Maropost Commerce Disruption

Incident Report for Neto by Maropost

Postmortem

On the 14th May 2024, an unexpected outage occurred in our cluster infrastructure, resulting in an approximate downtime of 1 hour and 30 minutes. The primary cause of the outage happened when the secondary file server attempted to promote itself to primary status during a cluster reconfiguration process. This unexpected event led to synchronisation issues and a loop of attempted promotions, eventually necessitating manual intervention to restore normal operation.

Timeline:

At approximately 06:25 UTC, A secondary file server was intentionally shutdown as part of a planned maintenance activity by our IaaS provider.

Around 06:38 UTC, secondary file server came back online following the planned shutdown.

In this process, the secondary file server was automatically activated as part of our internal recovery strategy. 
Throughout this process, part of the file synchronisation failed unexpectedly causing a timeout to occur due to the volume size.

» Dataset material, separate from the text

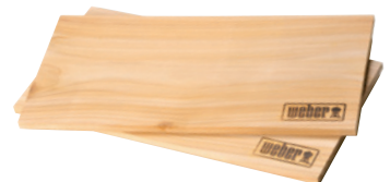
Weber Räucherbretter (Seite 4)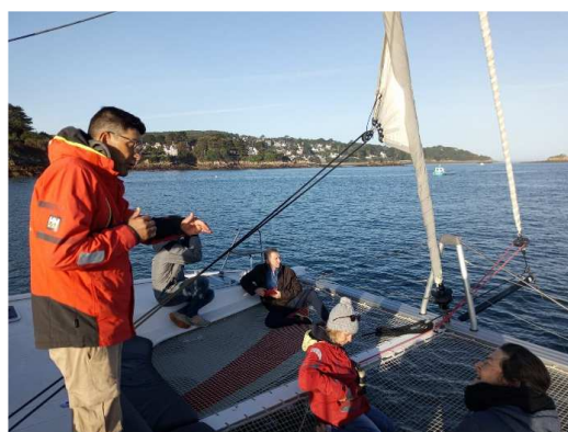
Sortie en baie de Douarnenez pour entamer les échanges à bord d'un catamaran

At approximately 08:18 UTC, manual recovery was completed by our development team to bring all the file servers back online and at this time services returned to normal operation.

Root Cause Analysis:

The outage stemmed from the automatic promotion of the secondary file server and primary server statuses following the restart of the planned shutdown. This unexpected change in configuration led to synchronisation issues and a loop of failed promotions, prolonging the downtime.

Mitigation Steps:

To prevent similar incidents in the future, we will implement the following measures:

  • Implement stricter control mechanisms to prevent automatic promotions without manual verification.
  • Enhance monitoring systems to promptly detect and alert when cluster configurations deviate from the expected state.
  • Conduct thorough testing and simulation exercises to validate the failover and synchronisation processes under various scenarios.

Conclusion:

The outage was an unfortunate consequence of an unexpected cluster reconfiguration event. Through proactive measures and enhanced monitoring, we aim to minimise the risk of similar incidents in the future, ensuring the stability and reliability of our infrastructure.

Posted May 15, 2024 - 18:22 AEST

Resolved

The issue has been resolved and services are operating as normal.
Posted May 14, 2024 - 20:07 AEST

Update

Services have returned to normal. We will continue to monitor the situation.
Posted May 14, 2024 - 19:01 AEST

Monitoring

We are receiving reports of services returning back to normal. We are continuing to monitor the situation.
Posted May 14, 2024 - 18:25 AEST

Update

Our Development Team is actively working to resolve the issue as soon as possible.
Posted May 14, 2024 - 18:15 AEST

Identified

We have identified the issue, our Development Team is working to resolve the issue as soon as possible.
Posted May 14, 2024 - 17:36 AEST

Investigating

We are receiving reports of sites showing "We will be back shortly". Our Development Team are investigating now
Posted May 14, 2024 - 17:09 AEST
This incident affected: Merchant Store Fronts, Control Panel, Point Of Sale Registers, and Batch Processing.